Letter to a Young Activist During Troubled Times
Let me read you a bit of this letter: “Mis Estimados: Do not lose heart. We were made for these times.
“I have heard from so many recently who are deeply and properly bewildered, very concerned about the state of affairs in our world. One has to have strong cojones and ovarios to withstand much of what passes for good in our culture today. Abject disregard for what the soul finds most precious and irreplaceable, and the corruption of principled ideals, has become in so many places “the new normal.” It’s hard to say which one of these most egregious matters has rocked the people’s worlds and beliefs more. Ours is a time of almost daily jaw-dropping, astonishment, and righteous rage over the latest degradations of what matters most to civilized, visionary people. You are right in your assessments. The luster and hubris some have aspired to, while endorsing acts so heinous against children and elders and everyday people, the poor, the unguarded, the helpless, is breathtaking. Yet I urge you, and I ask you, I gentle you….do not spend your spirit dry by bewailing these difficult times. Especially, do not lose hope, most particularly because the fact is: WE WERE MADE FOR THESE TIMES. For years we’ve been practicing, learning, been in training for, and just waiting to meet on this exact plain of engagement. I cannot tell you often enough that WE ARE DEFINITELY THE LEADERS THAT WE HAVE BEEN WAITING FOR….
“I grew up on the Great Lakes, and I recognize a seaworthy vessel when I see one. Regarding awakened souls: there have never been more awakened souls across this world than there are right now. Not only that…they are fully provisioned, and they are able to signal one another, as never before in the history of humankind. Via electronics, in the mail, through the air, by satellite, across the land, we are able to signal one another in ways that were unthought of, unheard of, before this time. So, if you will allow me, I would take your hands for a moment, and assure you that you are built well for these times. And despite your stints of doubt and your frustrations in facing all that needs change right now, right this minute, or even feeling you have lost the map entirely, you are not without resource, and you are not alone.
“Look out over your own prow. Look out and see: there are millions of boats in the water with you. Millions of righteous souls on the water with you. In your deepest bones you have always known this is so. Even though your veneers may shiver from every wave and stormy roil, and even though you feel you might fly apart in these times, I assure you that the long timbers that make up your bow, your rudder, and your prow come from a greater forest. That long-grained lumber is known to withstand storms, to hold together, to hold its own, and to advance, regardless of what else goes on in your life, or in the world. We’ve been in training for dark times such as these since the day we assented to come to earth. For many decades worldwide, souls just like us have been felled and left for dead in many ways, over one deadly thing or another. It is true that via assault or ambush, various cultural institutions have come to depend upon decimating the soul as part of their commercial activity. So, we have a history of being gutted. But, we also, of necessity, have perfected the knack of resurrection.”

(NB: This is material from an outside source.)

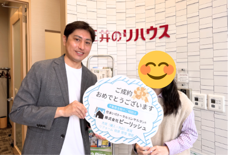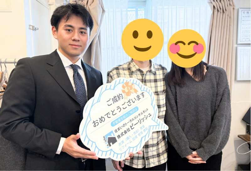 【担当コメント】 お忙しい中、平日にもお時間を調整して内見にお越しいただき、その結果、心からご満足いただけるお家に巡り合えたことを大変嬉しく思い ます。今後もお住まいに関して何かございましたら、ビーリッシュが引き続きサポートいたしますので、どうぞお気軽にご相談ください。

No matter how many times we are killed, we go into a lacunae and revive ourselves. “No matter how many times we are brought down, no matter how many times we are exiled, no matter how many times we are told we have no worth, no merit, no credit… we come back.” It is the Catholic way. “We come back. And this is as true and sturdy a prognosis for the destroyed worlds around us, as it is for our own once mortally wounded selves.” Through conscious tikkun olam, “the repair of the world soul,” the earth and her people are resurrected again through us, and in us, and we all live forward into a stronger, more able and pure state.
Mary Magdalene as Exemplar
Let me speak to you now about Mary Magdalene. She was one of the quintessential souls who had knowledge about how to resurrect herself. I have often thought about the seven demons said to have been taken out of her. When I first read about her life in Spanish, I thought she was relieved, not of siete demonios, but of seven sorrows, seven dolores. I wondered: what would a woman’s seven dolores mean? What would it mean to be relieved of them? Could it be that she would be held in esteem instead of depreciated? Could that be one way — one demon and one sorrow gone? Would she be valued for the heart and soul of her intuition — another demon and sorrow gone? When she said what she saw, and if others could not yet see the same, they would still honor her visions— another demon and sorrow gone. And so on.
When I was old enough to read, I also read the King James version, in its beautiful Elizabethan English. When the Magdalene came to the sepulchre to see if she could minister with herbs and oils to Jesus who had been crucified—she found the tomb empty. She cried to the angels sitting inside the tomb, “…they have taken away my Lord, and I know not where they have laid him.” She begs the beings of Light to tell her where her Lord has been hidden, so she might take Him back.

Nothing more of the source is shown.